Since the previous uptrend has apparently ended, the usual cyclical patterns are becoming more prominent.

John Murphy provides an excellent cyclical explanation in his book Technical Analysis of the Futures Markets on pages 421- 436. In summary, the common practice is to measure the beginning and end of cycle waves from low points called troughs having tendency to occur about every 28 calendar or 20 trading days.

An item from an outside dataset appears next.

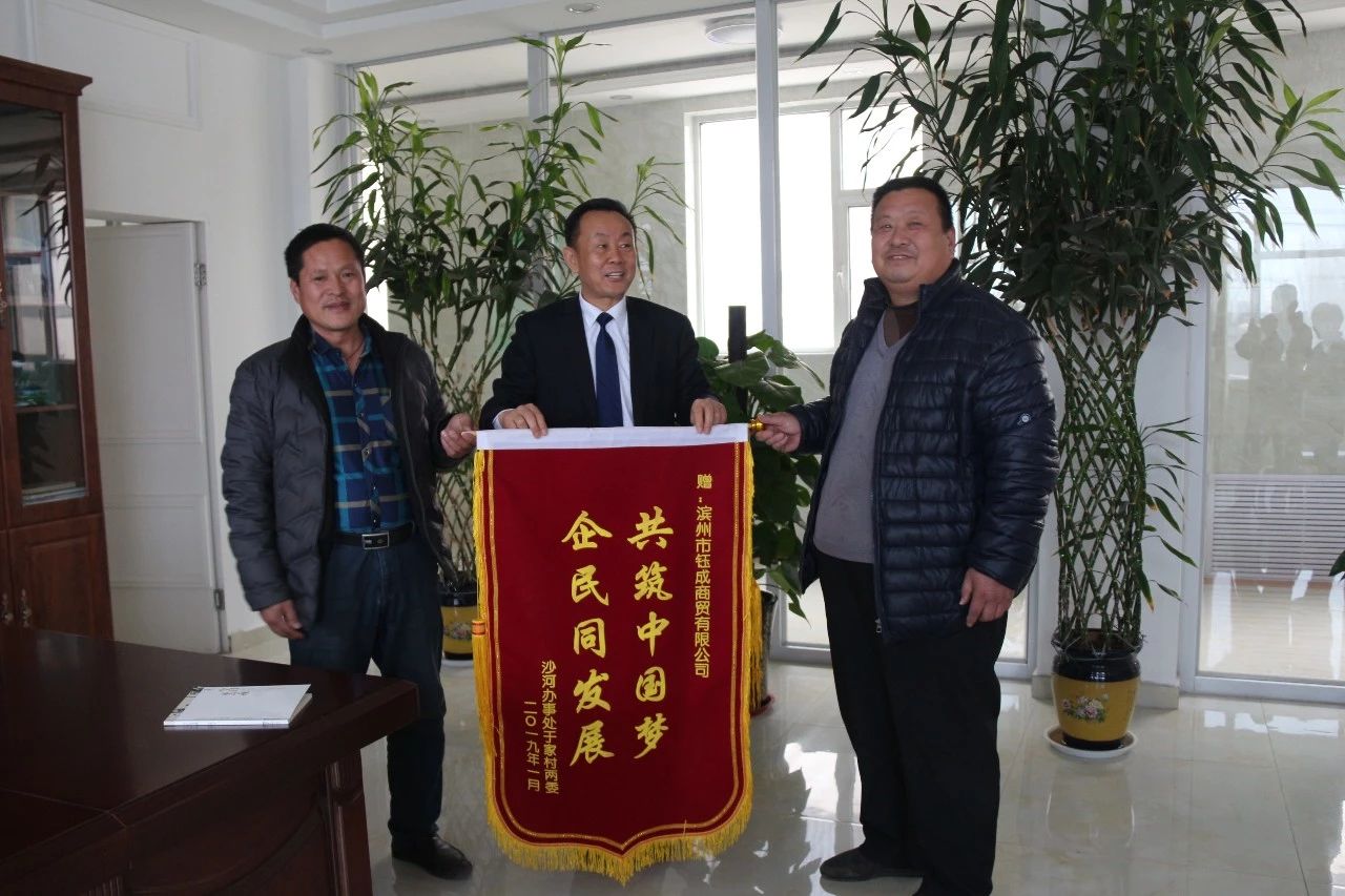 1月30日,于家村“兩委”將一面寫(xiě)著“企民同發(fā)展 共筑中國(guó)夢(mèng)”字樣的錦旗送到了濱州鈺城商貿(mào)有限公司,感謝企業(yè)一年來(lái)對(duì)于家村發(fā)展所做的貢獻(xiàn),這也是我辦“村企共建”的典型事例。通過(guò)村企共建,有效的推進(jìn)了企業(yè)和農(nóng)村和諧共處、相互促進(jìn)、共同提高。

The cycle peaks called crests will vary depending upon the next longer cycle and help determine changing trends by comparing the number of cycle up days to down days.

Presuming the cycle is exactly 20 days; a bullish bias would have more up days than down days while a bearish bias would have more down days and when crests appear at the midpoint it suggest a lack of trend influence.

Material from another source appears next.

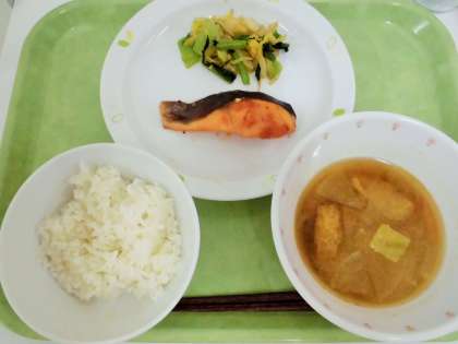 献立 ご飯、鮭のもみじ焼き、白菜のお浸し、さつま汁、牛乳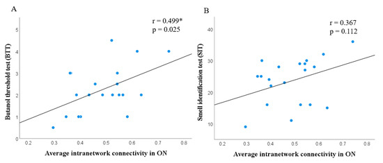 In addition, the correlation between the BTT score and the average intranetwork connectivity in the ON demonstrated a significantly positive correlation (r = 0.499 *, p = 0.025), which could indicate a relationship between clinical olfactory performance and intranetwork connectivity in ON (Figure 5A). No significant correlation was found between the SIT score and the average intranetwork connectivity in ON (r = 0.367, p = 0.112).

Comparing up days to down days should help confirm the current trend status while projecting future turning points assuming the cycles continue lacking trend although few if any cycles will be exactly 20 days as other influences override the cyclical tendencies.

Some helpful reference information from Investment Tools.com will help the analysis, saying as of as of July 6, 2015 the average (short term) cycle length, for the last 22 cycles, was 21.77 trading days and 12 cycles have a right hand bullish translation, 8 have a left hand bearish translation, while 2 were centered.

Beginning March 11, 2015 at point 1, on the chart above, here are the cycle counts.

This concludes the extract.